What is it with printf() sending output to buffer?

Output buffering is an optimization technique. Writing data to some devices (hard disks f.e.) is an expensive operation; that’s why the buffering appeared. In essence, it avoids writing data byte-by-byte (or char-by-char) and collects it in a buffer in order to write several KiB of data at once.

Being an optimization, output buffering must be transparent to the user (it is transparent even to the program). It must not affect the behaviour of the program; with or without buffering (or with different sizes of the buffer), the program must behave the same. This is what the rules you mentioned are for.

A buffer is just an area in memory where the data to be written is temporarily stored until enough data accumulates to make the actual writing process to the device efficient. Some devices (hard disk etc.) do not even allow writing (or reading) data in small pieces but only in blocks of some fixed size.

The rules of buffer flushing:

  1. It is sent when the buffer gets full.

This is obvious. The buffer is full, its purpose was fulfilled, let’s push the data forward to the device. Also, probably there is more data to come from the program, we need to make room for it.

  1. When a newline character is encountered.

There are two types of devices: line-mode and block-mode. This rule applies only to the line-mode devices (the terminal, for example). It doesn’t make much sense to flush the buffer on newlines when writing to disk. But it makes a lot of sense to do it when the program is writing to the terminal. In front of the terminal there is the user waiting impatiently for output. Don’t let them wait too much.

But why output to terminal needs buffering? Writing on the terminal is not expensive. That’s correct, when the terminal is physically located near the processor. Not also when the terminal and the processor are half the globe apart and the user runs the program through a remote connection.

  1. When there is impending input.

It should read “when there is impeding input on the same device” to make it clear.
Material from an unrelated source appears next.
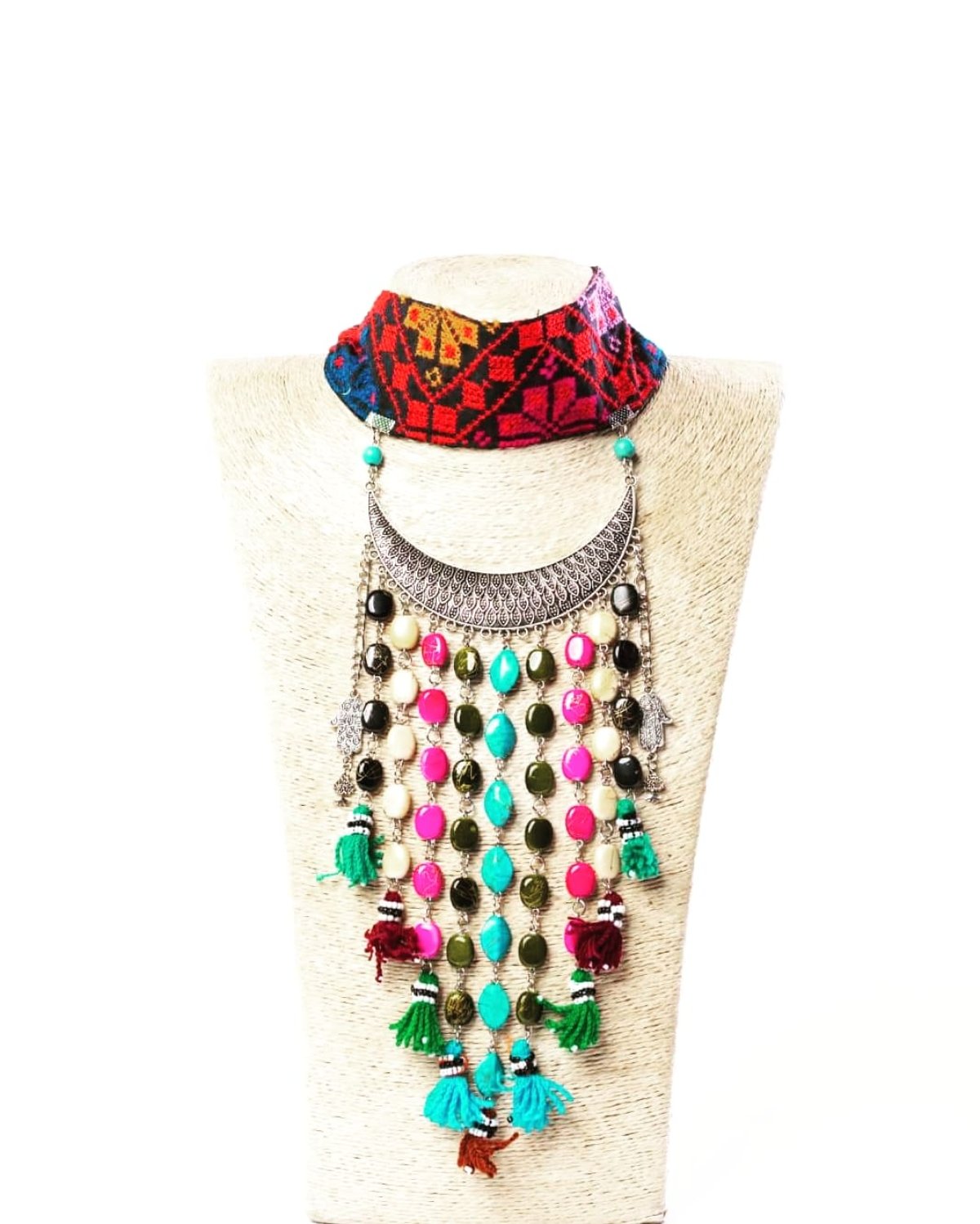A Sinai coulet from Al-Arish women’s embroideries, with Sinai tassels, colored stones, and silver plated copper.

Reading is also buffered for the same reason as writing: efficiency. The reading code uses its own buffer. It fills the buffer when needed then scanf() and the other input-reading functions get their data from the input buffer.

When an input is about to happen on the same device, the buffer must be flushed (the data actually written to the device) in order to ensure consistency. The program has send some data to the output and now it expects to read back the same data; that’s why the data must be flushed to the device in order for the reading code find it there and load it.

But why the buffers are flushed when the application exits?

Err… buffering is transparent, it must not affect the application behaviour. Your application has sent some data to the output. The data must be there (on the output device) when the application quits.

The buffers are also flushed when the associated files are closed, for the same reason. And this is what happens when the application exits: the cleanup code close all the open files (standard input and output are just files from the application point of view), closing forces flushing the buffers.